Session: Data-driven Methods for Optimization under Uncertainty
Chair: Meng Qi
Cluster: Optimization Under Uncertainty and Data-driven Optimization
Talk 1: Beyond Discretization: Learning the Optimal Solution Map
Speaker: Paul Grigas
Abstract: Many applications require minimizing a family of optimization problems, indexed by some hyperparameter vector, to obtain an entire solution map (or solution path). Traditional approaches proceed by discretizing and solving a series of optimization problems. We propose an alternative approach that parametrizes the solution map within a given function class and solves a single stochastic optimization problem to learn the entire solution map.

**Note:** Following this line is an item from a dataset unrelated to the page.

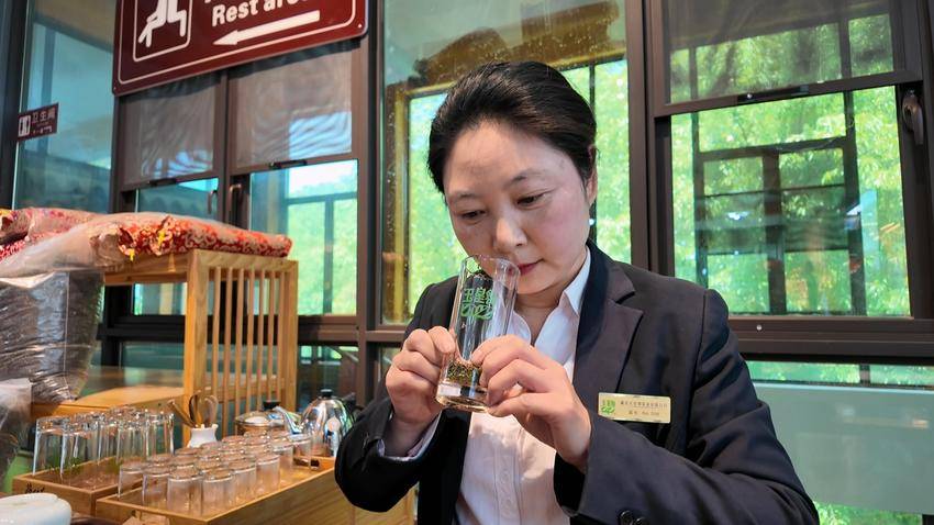 为确保赛事公平公正,评委团严格遵循“统一原料、统一器具、统一时间、统一标准”的原则,从茶叶外形、色泽、香气、汤色、滋味、叶底六大核心维度进行综合考量、细致评分。来自玉皇剑茶业的李娟炒制成型的茶叶条索匀整、色泽鲜亮,冲泡后茶汤清亮澄澈、栗香浓郁持久、滋味鲜醇回甘,凭借过硬品质赢得了评委们的一致青睐,最终获得大赛一等奖。

Our method offers substantial complexity improvements over discretization. When using constant-step size SGD, the uniform error of our learned solution map relative to the true map exhibits linear convergence to a constant that diminishes as the expressiveness of the function class increases. In the case of a one-dimensional hyperparameter, we prove stronger results that demonstrate complexity improvements over the best known results for uniform discretization whenever the solution map is sufficiently smooth. Finally, we discuss other extensions including an adaptive variant of our method that sequentially adds basis functions, and we demonstrate strong numerical performance through experiments on imbalanced binary classification and portfolio optimization examples.

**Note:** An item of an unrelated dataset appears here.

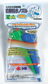 空きペットボトルの先に「自動給水ノズル」を付け、鉢に差し込めば、水が少しずつ土に染み込みます。これで、去年は大丈夫でした。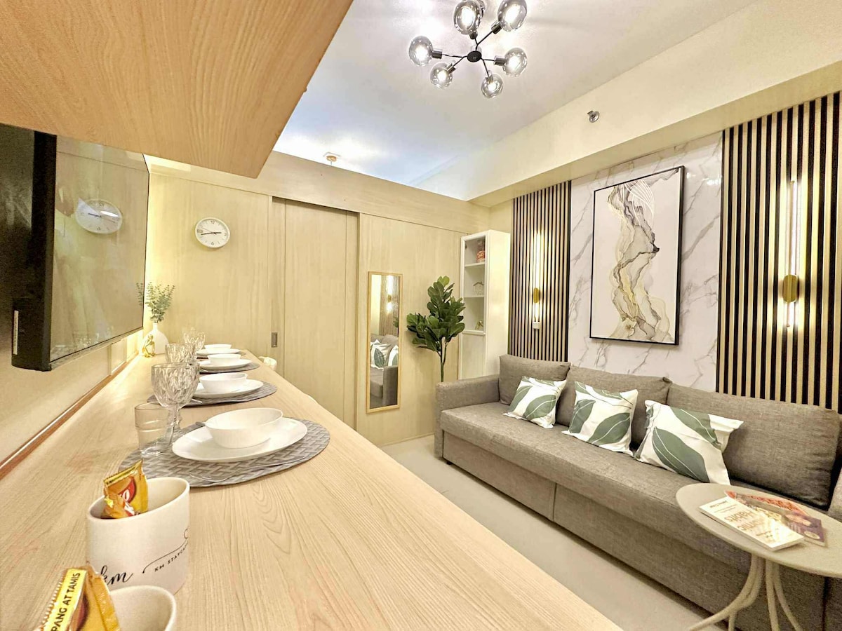 Discover our spacious and bright 1BR end unit with balcony in the newly built Tower 4, Fern Residences. Designed with you in mind, our luxurious boutique-hotel style unit features a fully-equipped kitchen, hotel quality mattress and beddings, convertible coffee to dining table, washing machine and fast WiFi. It is ideal for short and extended stay travellers and for those who just want to have a relaxing staycation.

Talk 2: Decision-Focused Learning with Directional Gradients
Speaker: Michael Huang
Abstract: We propose a novel family of decision-aware surrogate losses, called Perturbation Gradient (PG) losses, for the predict-then-optimize framework. The key idea is to connect the expected downstream decision loss with the directional derivative of a particular plug-in objective, and then approximate this derivative using zeroth order gradient techniques. Unlike the original decision loss which is typically piecewise constant and discontinuous, our new PG losses is a Lipschitz continuous, difference of concave functions that can be optimized using off-the-shelf gradient-based methods. Most importantly, unlike existing surrogate losses, the approximation error of our PG losses vanishes as the number of samples grows. Hence, optimizing our surrogate loss yields a best-in-class policy asymptotically, even in misspecified settings. This is the first such result in misspecified settings, and we provide numerical evidence confirming our PG losses substantively outperform existing proposals when the underlying model is misspecified.

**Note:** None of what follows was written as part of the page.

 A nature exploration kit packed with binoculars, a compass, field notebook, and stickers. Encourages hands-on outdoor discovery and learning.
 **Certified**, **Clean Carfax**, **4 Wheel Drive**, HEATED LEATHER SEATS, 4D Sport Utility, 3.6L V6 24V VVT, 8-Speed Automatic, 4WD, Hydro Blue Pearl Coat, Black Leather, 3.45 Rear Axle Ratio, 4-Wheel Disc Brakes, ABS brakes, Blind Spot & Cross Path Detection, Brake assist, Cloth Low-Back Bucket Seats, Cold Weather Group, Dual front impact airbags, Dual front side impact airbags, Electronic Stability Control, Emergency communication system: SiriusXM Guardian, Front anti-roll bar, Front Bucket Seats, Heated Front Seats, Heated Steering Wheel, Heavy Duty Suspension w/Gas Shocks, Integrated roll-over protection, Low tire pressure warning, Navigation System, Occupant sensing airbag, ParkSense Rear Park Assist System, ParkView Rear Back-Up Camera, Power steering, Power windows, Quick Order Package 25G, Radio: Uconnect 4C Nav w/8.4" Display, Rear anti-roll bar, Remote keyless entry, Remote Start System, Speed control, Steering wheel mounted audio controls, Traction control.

Talk 3: Norm-Free Exact Regularization and Applications in Data-Driven Optimization
Speaker: Meng Qi
Abstract: This paper revisits the theory of \textit{exact regularization} – where optimal solutions of a regularized convex optimization problem exhibit a phase transition phenomenon and eventually coincide with those of the original unregularized problem (under certain conditions).We examine this phenomenon from a norm-free perspective – instead of adopting norm-related assumptions, our results are established on conditions only involving Bregman divergence and convexity. We proved two key results: (1) a norm-free version of Lipschitz continuity of the regularized optimal solution, and (2) a phase-transition threshold for the exact regularization to hold that depends solely on intrinsic problem parameters. Notably, our norm-free framework generalizes classical norm-dependent conditions, such as strong convexity of the regularization function, and broadens applicability. Our theoretical results have applications in many data-driven optimization problems, for example to integrated prediction-optimization, inverse optimization, and decentralized optimization. Our results for exact regularization potentially lead to faster convergence or tighter error bounds in these settings.